TEMPO.CO, Jakarta - Telinga memiliki ambang batas bunyi-bunyian yang aman didengar. Bila kekerasan suara yang didengar melebihi batas aman dan terjadi terus-menerus, maka kondisi ini akan merusak organ pendengaran.
Baca juga:
Telinga Sakit Usai Penerbangan, Begini Proses Terjadinya
Cara Mendeteksi Gangguan Pendengaran pada Bayi Baru Dilahirkan
"Batas bunyi yang aman didengar adalah sampai 80 desibel dan durasinya tidak lebih dari 8 jam sehari, setelah itu harus ada kompensasi istirahat buat telinga dengan tempo yang sama, yaitu 8 jam," ujar ahli audio-vestibular yang juga dokter spesialis telinga hidung dan tenggorokkan dari Rumah Sakit Premiere Bintaro, Siti Faisa di Cochlea Training and Experience Center atau CTEC.

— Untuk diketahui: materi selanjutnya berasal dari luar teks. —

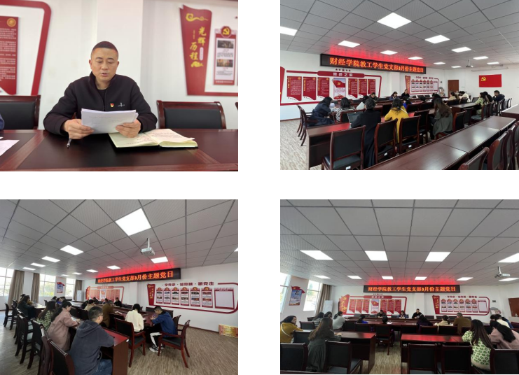 2022年3月10日,太阳成集团tyc122cc教工员工党支部在第二教学303党员活动室开展了3月主题党日,主题是学习中共重庆市委教育工作委员会印发《市委教育工委第四巡查组关于巡查太阳成集团tyc122cc智能制造公司党总支的反馈意见》的通知、学习习近平在中央党校(国家行政学院)中青年干部培训班开班式上发表重要讲话精神,以及学习全国两会政府工作报告。会议由财经公司党总支书记艾海涛主持,全体党员同志参加。
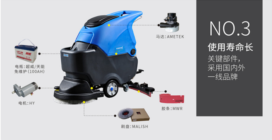 容恩手推式洗地機(R50B),全自動洗地機洗擦、吸干一次性完成,讓地面清潔如新,大大減少清潔勞累和作業時間;(R50B)手推式洗地機可靠耐用,價格實惠,操作簡單,無需培訓。特別適合500m2-2000m2場所使用。
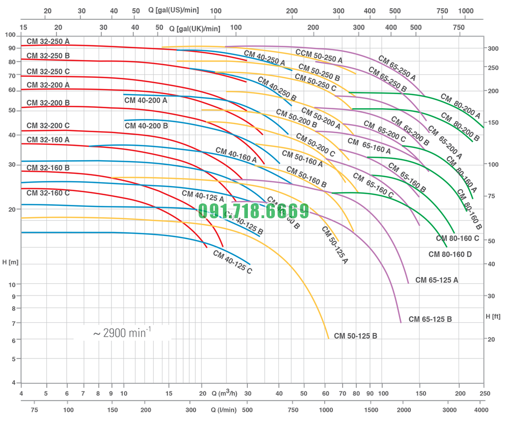 Đường cong hiệu suất máy bơm nước li tâm CM40-125C vật liệu gang FC200
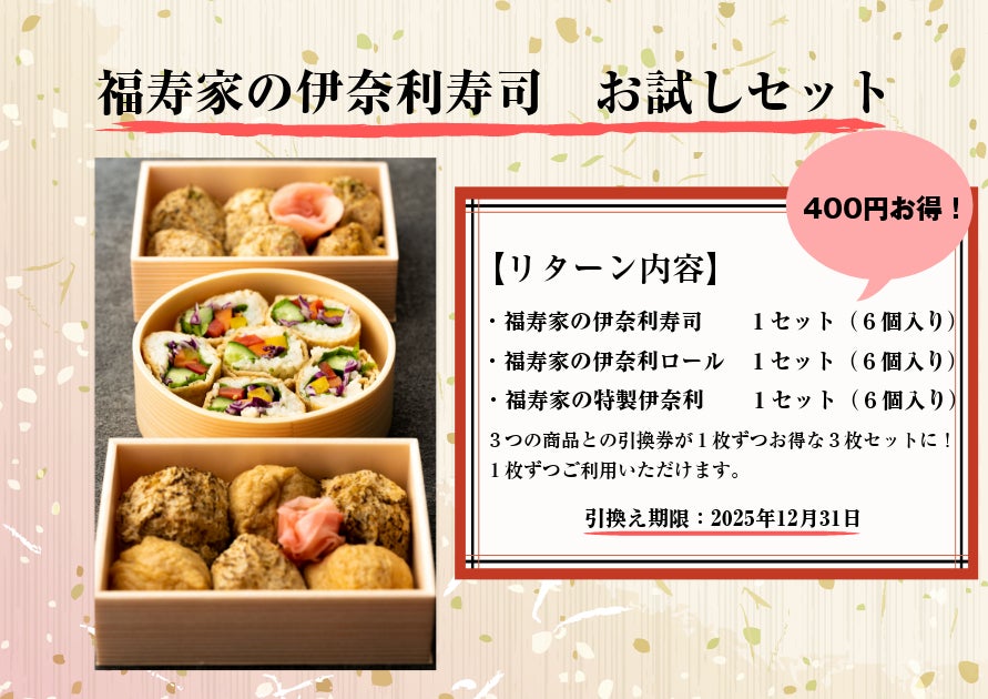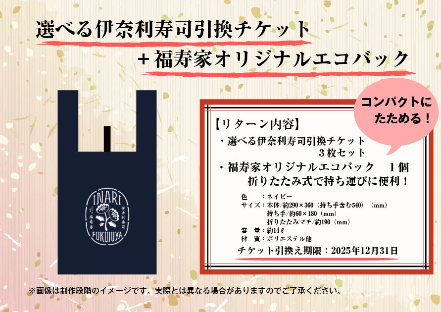 お好みの伊奈利寿司1セットとお引換えいただけるチケット3枚と、持ち運びに便利な折りたたみのできる福寿家オリジナルエコバックをセットでお届けします。チケットをご使用の際は、お取り置き致しますので御来店いただける日時を事前にご連絡ください。
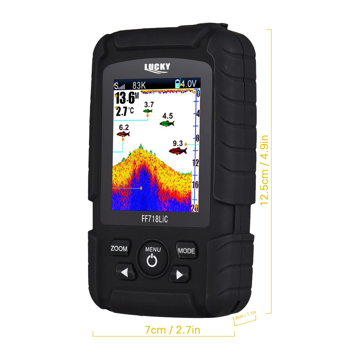 1 x Fish Finder,1 x Transducer with Cable,1 x USB Cable,1 x Charger Plug,1 x Car Charger,1 x Neck Strap,1 x Wing Nut,1 x User Manual,1 x Carry Case
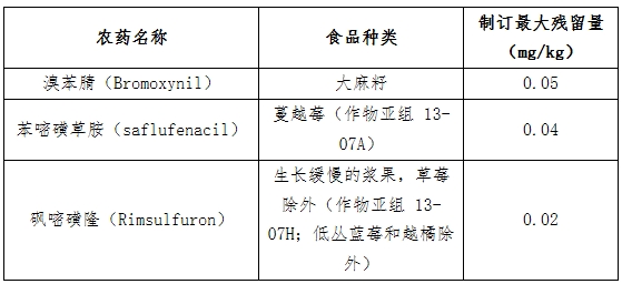 2023年10月19日,加拿大卫生部发布通告,确定部分食品中溴苯腈(Bromoxynil)、砜嘧磺隆(Rimsulfuron)、苯嘧磺草胺(Saflufenacil)最大残留限量如下表所示,以上限量已于2023年10月11日生效并进入最大残留限量数据库。

Bila bunyi yang didengarkan di atas 80 desibel, harus ada tambahan kompensasi istirahat telinga. Faisa mencontohkan, jika bunyi yang didengarkan 90 desibel, maka waktu istirahat telinganya harus ditambah 4 jam menjadi 12 jam. "Kompensasi ini ada perhitungan logaritmanya. Setiap naik 10 desibel, waktu istirahat telinga juga bertambah setengah dari waktu di rentang desibel sebelumnya," kata Faisa.
Ilustrasi anak menutup telinga. shutterstock.com
Kompensasi istirahat telinga bukan berarti tidak boleh mendengar bunyi sama sekali, melainkan hanya mendengar bunyi di bawah 80 desibel. Karena itu, istirahat telinga sebaiknya tidak dilakukan di tempat yang berisik, seperti bengkel, mall dengan musik yang ingar-bingar, jalanan yang macet, dan dekat orang yang berteriak.
Ketentuan untuk mengistirahatkan telinga ini berlaku pada semua kegiatan, termasuk pekerjaan yang beresiko terpapar suara keras, seperti pengeboran, atlet menembak, musikus, dan petugas terminal bandara. Menurut Faisa, orang yang melakukan pekerjaan ini harus dilengkapi alat pelindung dan shelter untuk mengistirahatkan telinga.